Segment Open
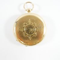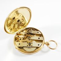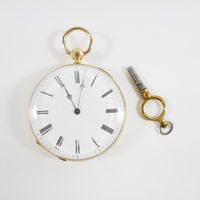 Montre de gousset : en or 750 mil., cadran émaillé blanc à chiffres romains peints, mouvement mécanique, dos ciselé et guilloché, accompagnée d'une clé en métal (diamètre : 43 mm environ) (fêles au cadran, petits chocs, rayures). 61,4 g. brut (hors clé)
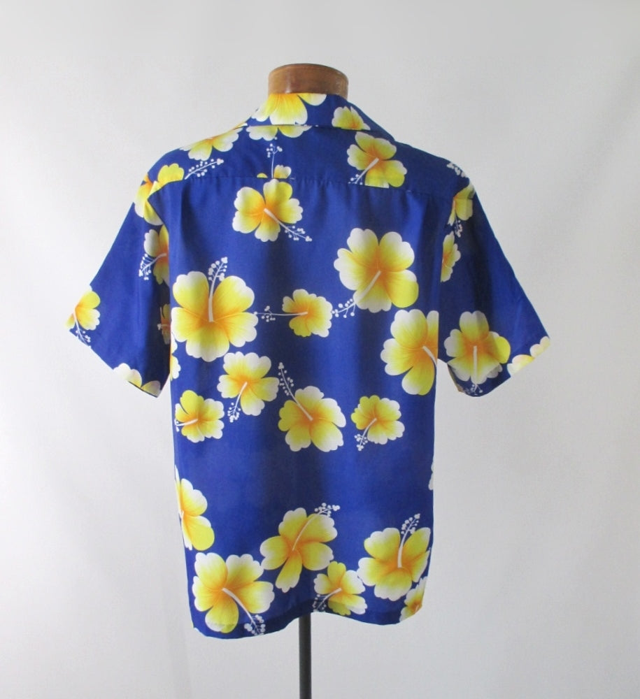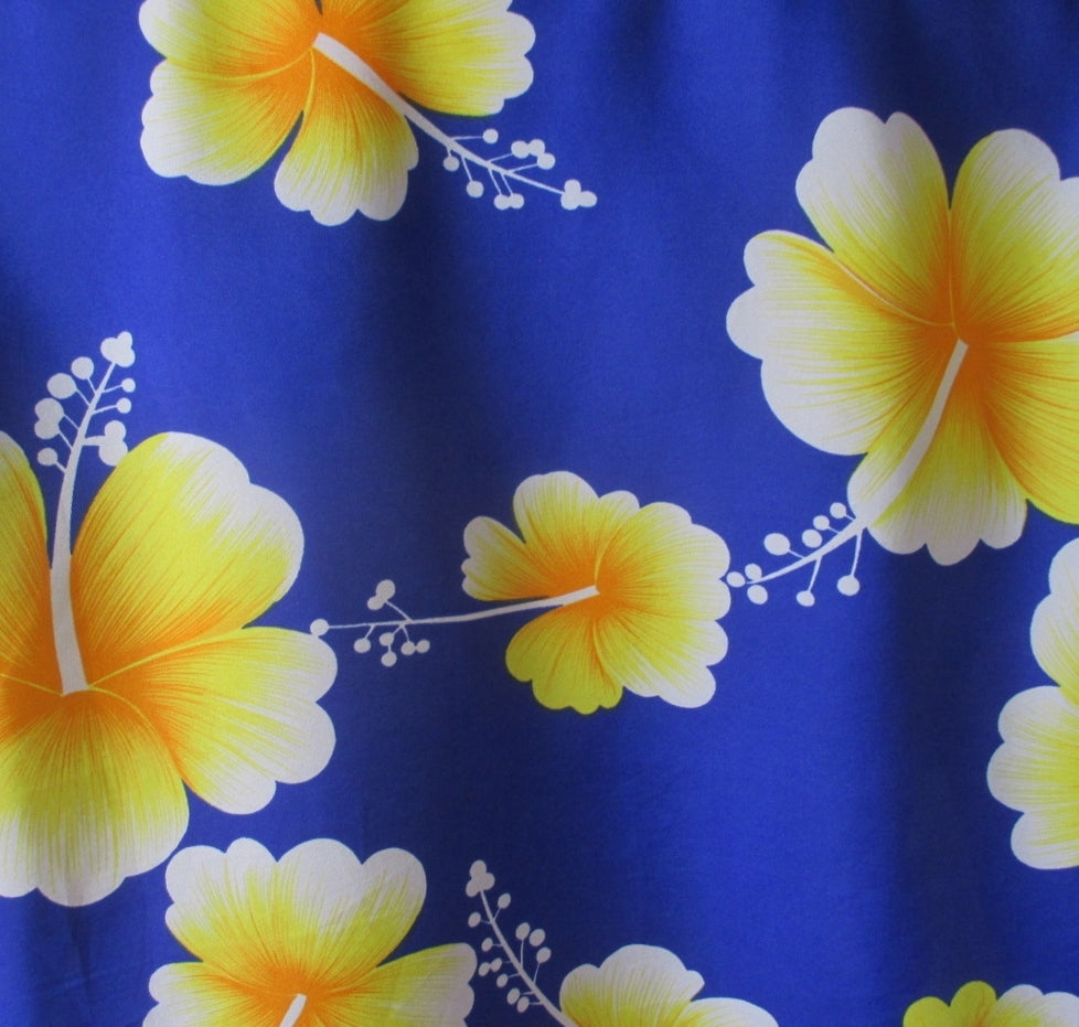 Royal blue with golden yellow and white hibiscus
Segment Closed
Segment Open
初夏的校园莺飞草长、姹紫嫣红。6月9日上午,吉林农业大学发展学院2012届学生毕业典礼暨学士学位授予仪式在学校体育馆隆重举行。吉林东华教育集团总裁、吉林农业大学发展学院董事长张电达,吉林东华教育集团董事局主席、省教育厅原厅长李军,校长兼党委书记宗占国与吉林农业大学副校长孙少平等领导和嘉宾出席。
Segment Closed
Segment Open
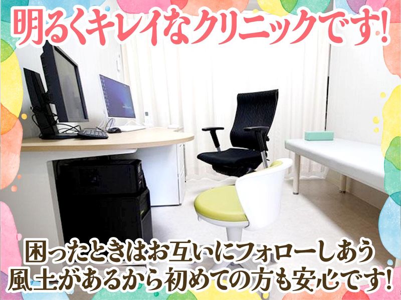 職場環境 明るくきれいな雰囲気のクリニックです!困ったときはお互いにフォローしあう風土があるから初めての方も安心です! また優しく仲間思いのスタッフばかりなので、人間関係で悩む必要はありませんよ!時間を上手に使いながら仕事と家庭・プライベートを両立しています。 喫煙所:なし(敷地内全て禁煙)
Segment Closed
Using the data above, copy exactly the lines from the one containing "Montre de gousset" to the one containing "Royal blue with", inclusive. Exclude the pictures.

 Montre de gousset : en or 750 mil., cadran émaillé blanc à chiffres romains peints, mouvement mécanique, dos ciselé et guilloché, accompagnée d'une clé en métal (diamètre : 43 mm environ) (fêles au cadran, petits chocs, rayures). 61,4 g. brut (hors clé)
 Royal blue with golden yellow and white hibiscus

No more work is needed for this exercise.